Inés Paulino, entre las protestas y la bohemia

La fotógrafa brasileña, que llegó a Chile a inicios de los 70, cubrió para la revista APSI los años del régimen militar, a la vez que retrató la bullante escena cultural. La galería D21 exhibe ahora 38 fotos inéditas de su archivo, que acaba de adquirir la Biblioteca Nacional.

Era 1981 y, tras varios años fuera del país -que se iniciaron en 1964 en México, para luego pasar a EEUU y finalmente a España-, regresaba a Chile el escritor José Donoso. Ya tenía la altura de un narrador de peso con novelas como El lugar sin límite, llevada al cine por el mexicano Arturo Ripstein, y El obsceno pájaro de la noche, que el crítico Harold Bloom se encargaría de encumbrar entre los esenciales del siglo XX. Claro que, al pasar la aduana en el aeropuerto de Santiago, Donoso no era más que otro pasajero buscando con la mirada a los suyos.

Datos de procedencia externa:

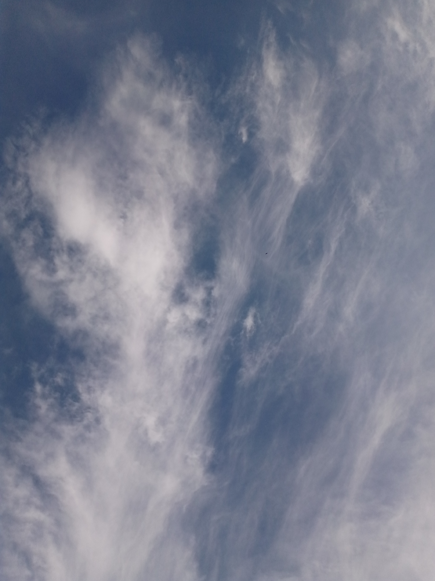 daytime sky with blue coloration visible between white clouds. The clouds are mostly cirrus, appearing thin and wispy, with some cumulus clouds present in the lower left of the frame. A small, dark speck that might be a bird or other small airborne object is visible against the blue sky and a few wisps. No other people, subjects, or objects are observable. The environment is a blue sky with clouds. The location in the city of Las Guevaras, Venezuela is unknown, as there is no other visible content that indicates this.
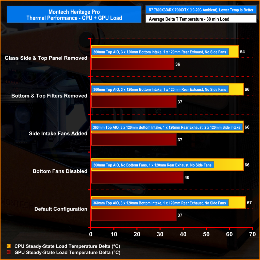 For a compact Micro ATX case the Montech Heritage Pro does OK when it comes to thermal performance. In the default configuration, CPU load temperature averages 67°C over ambient while the GPU sits comfortably 37°C over ambient, which is normal for this CPU and GPU combination even in larger ATX size cases.
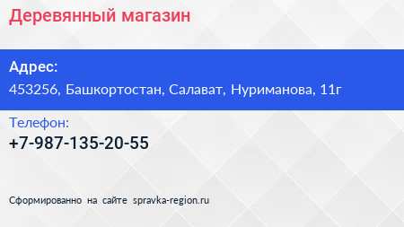 Деревянный, магазин по адресу 453256, Башкортостан, Салават, Нуриманова, 11г в дальнейшем Организация, размещена в следующих категориях:
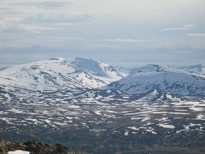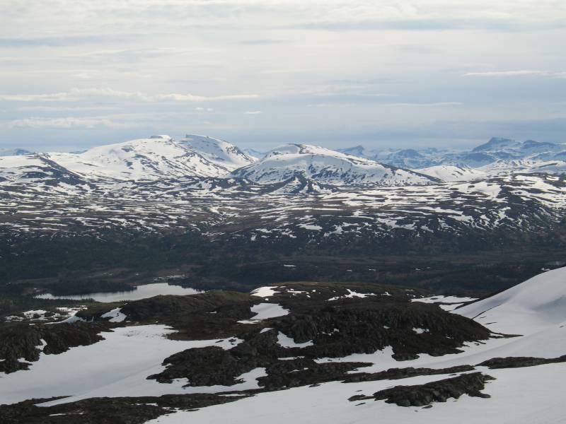 Endelig ble det støttbruk vær og sommerfjell ! I helga var jeg oppå Resfjellet 1161 moh, her ser en utover det meste av Trollheimen. Mye kvitt på toppene javel, men snøen er sommerhard og fin å gå på. Bildet er tatt ved toppvarden og viser Trollhetta, Rinnhatten (1335 moh) og Neådalssnota lengst til høyre. Trollhetta.jpg er innzooma, men Resvatnet.jpg er vidvinkel og viser det samme, med Resvatnet rett ned - begge tatt fra samme standplass oppved Resfjellvarden. Den merka stien på Trollhetta går (under snøen ...) opp langs ryggen i venstre kant og opptil østtoppen på 1522. videre til nordtoppen - den med skarpe kanten - på 1596. Stortoppen på 1616 moh er den digre som stikker opp rett bak østtoppen. De "små" fjella midt i er Midthatten og Svarthatten - alle på ca 900 moh Foran disse ses Raudfjelltjønna på 710 moh, vatnet er isfritt. (Jøldalshytta, 1 mil rett sør - ligger på ca 720 moh) Opp til fjells, til ca 1000 moh, gikk det greit uten de store fonne. Fra 1000 moh og opp var ei sammenhengde svær fonn, men det var jo flott å få brune leggene litt Jeg tok endel bilder av toppene - noen spesielle ønsker ? Resfjellbildene finnes her: http://www.krovoll.net/Resfjellet/

Lo esperaba su sobrina, la artista y escritora Claudia Donoso, con una fiesta en su casa de Ñuñoa que duraría toda la noche. No había otra opción, por el toque de queda. Al otro día, la instántanea que inmortalizaba el desayuno familiar la tomaba la vecina fotógrafa, Inés Paulino. Donoso figura en pijama y descalzo, sentado en la escalera del jardín, hojeando una revista con su sobrino José Luis Oportot.

No era una imagen para ilustrar los libros de historia y menos los periódicos de la época. Quizá por eso quedó inédita, hasta ahora, aunque conservada entre los 60 mil negativos de Paulino, que de a poco comienzan a desempolvarse. De ellos, 5.200 acaban de ser adquiridos por la Biblioteca Nacional (a cargo de Tatiana Castillo), mientras que 38 de esas imágenes ampliadas se exhiben en la galería D21 (ver ficha).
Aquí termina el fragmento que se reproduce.